Things To Do After the Funeral
- Get Certified Copies of Death Certificate. This document will be required by the courts, financial institutions, and others in settling your spouse or parent’s affairs. Your funeral director can often assist in this process, or you can contact your local office of vital statistics.
- Notify Government Agencies. Regardless of the size of your loved one’s estate, you must notify the courts that your loved one has passed, along with the Social Security Office, and Medicare (if applicable).
- Notify Insurance Companies, Your Estate Planning Attorney, Financial Advisors, and Creditors. If your spouse or parent had a life insurance policy, you must make a claim in order to receive the benefits. Additionally, before your loved one’s estate can be settled, all creditors must be paid. However, before making any payments, it’s a good idea to talk with an estate planning attorney to confirm the debt is valid and payable. Death always comes with financial consequences, so be sure to alert your financial advisors, as they can be extremely helpful in making sure the estate is settled smoothly. Close all credit accounts. Prepare final tax return.
- Cancel Accounts. This is where things can often get overwhelming. From email and social media accounts to drivers licenses, gym memberships, and magazine subscriptions, you will want to keep track of these to avoid excess payments and the potential for identity theft. Don’t forget to notify credit agencies and your voter registrar.

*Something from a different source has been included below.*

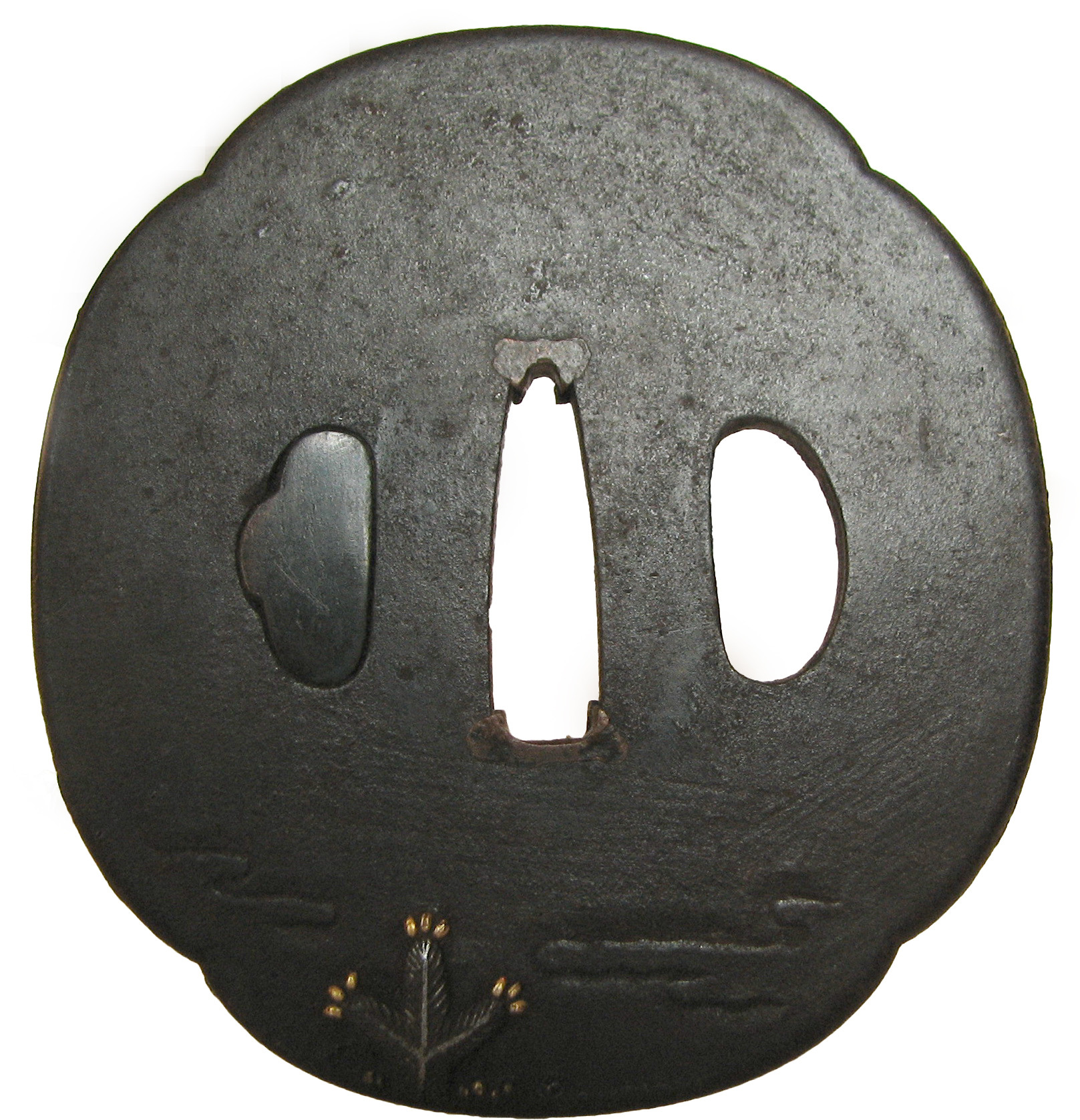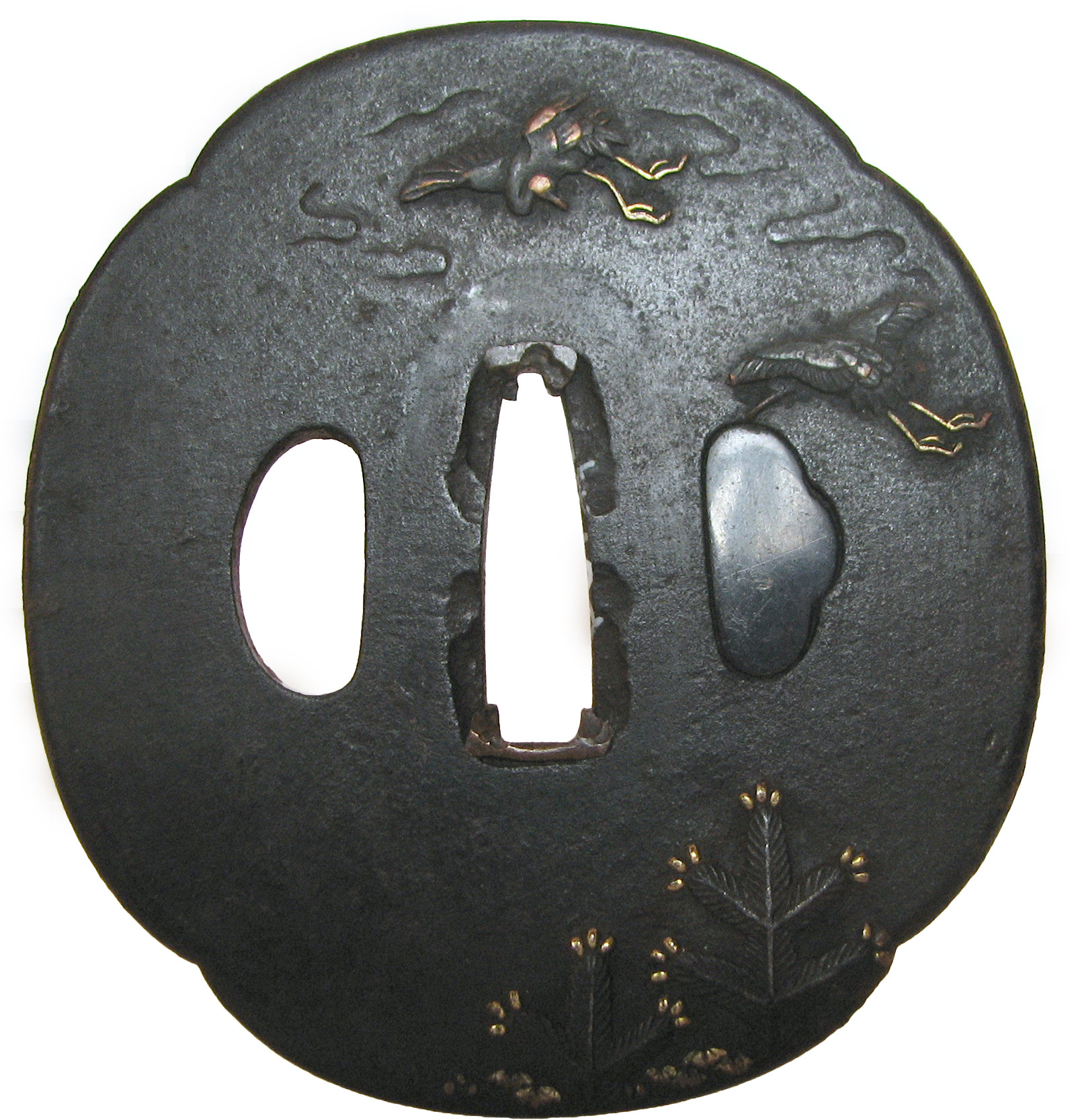Закладка “Атрибуція” - Наим. предмета, издания: Цуба із зображенням двох веселиків/Змiн. розміри: 7,0 х 7,6 х 7,7 см/Змiн. час створення: 18-19 ст.Автор, автор съемки: Невідомий майстерИзм. техника: куванняИзм. техника: гравіруванняИзм. техника: накладний рельєфИзм. техника: інкрустація бронзоюИзм. техника: позолота

The Best Way to Say “I Love You”
When you die with an estate-plan in place, many of the decisions that your loved ones would have had to make are already handled. This means far less stress and anxiety for the survivors and can often reduce the incidence of family division following the death.
Estate Planning in California
When someone dies in California, the estate is either placed into probate or estate administration. Property that is not properly placed in a trust must go through the probate process. Regardless of whether an estate goes through probate, having the support and experience of an estate planning attorney can make the process less stressful and take less time.